## What the exercise asks
Give back exactly the lines that start at the one containing "Esprimono l’infinito terrore" and run to the end of the material, leaving out the pictures.

## Information supplied
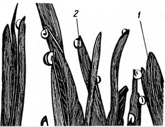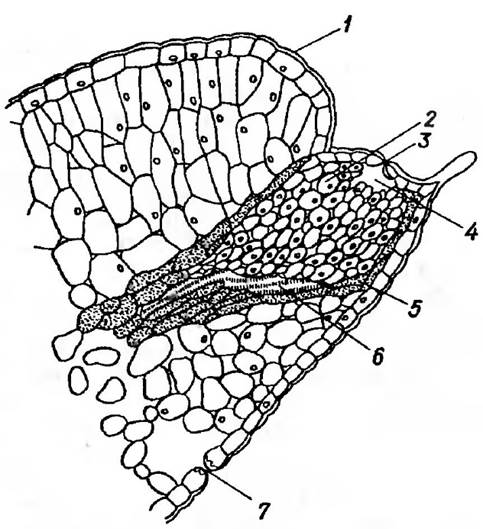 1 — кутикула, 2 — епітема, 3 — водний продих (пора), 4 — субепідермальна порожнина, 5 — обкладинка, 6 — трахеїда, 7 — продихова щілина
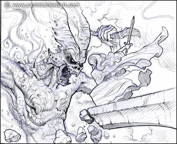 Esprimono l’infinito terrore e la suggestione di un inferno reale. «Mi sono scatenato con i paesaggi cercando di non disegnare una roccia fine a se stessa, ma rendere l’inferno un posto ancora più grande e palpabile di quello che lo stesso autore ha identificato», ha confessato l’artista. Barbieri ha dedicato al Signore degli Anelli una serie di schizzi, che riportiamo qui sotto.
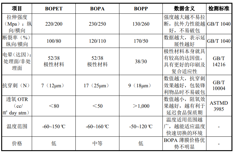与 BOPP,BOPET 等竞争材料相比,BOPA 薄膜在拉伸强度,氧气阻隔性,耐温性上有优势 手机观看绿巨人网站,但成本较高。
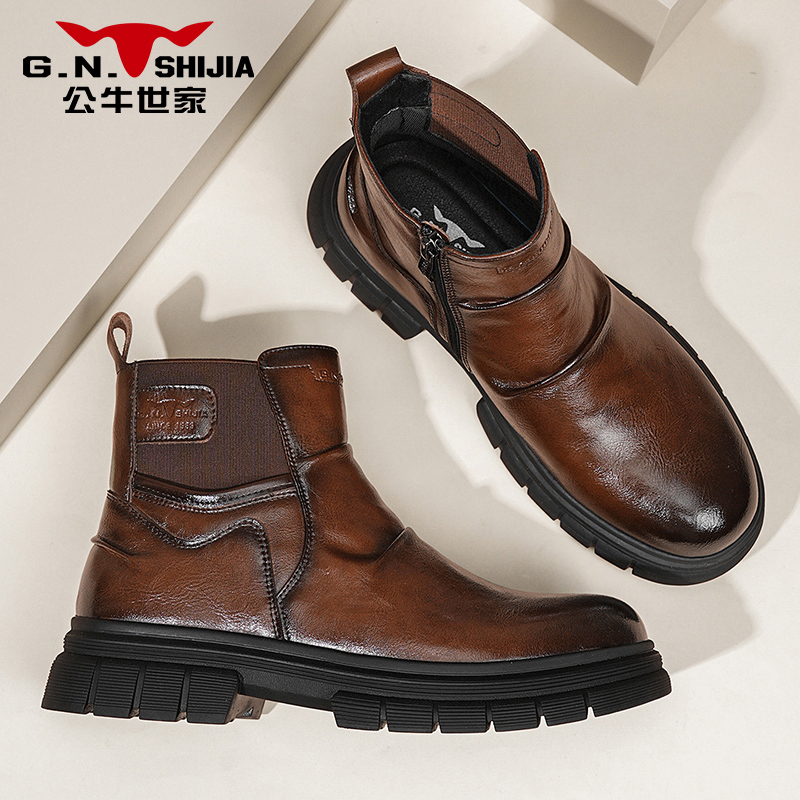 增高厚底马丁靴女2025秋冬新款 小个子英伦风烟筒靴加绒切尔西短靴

## Result
 Esprimono l’infinito terrore e la suggestione di un inferno reale. «Mi sono scatenato con i paesaggi cercando di non disegnare una roccia fine a se stessa, ma rendere l’inferno un posto ancora più grande e palpabile di quello che lo stesso autore ha identificato», ha confessato l’artista. Barbieri ha dedicato al Signore degli Anelli una serie di schizzi, che riportiamo qui sotto.
与 BOPP,BOPET 等竞争材料相比,BOPA 薄膜在拉伸强度,氧气阻隔性,耐温性上有优势 手机观看绿巨人网站,但成本较高。
 增高厚底马丁靴女2025秋冬新款 小个子英伦风烟筒靴加绒切尔西短靴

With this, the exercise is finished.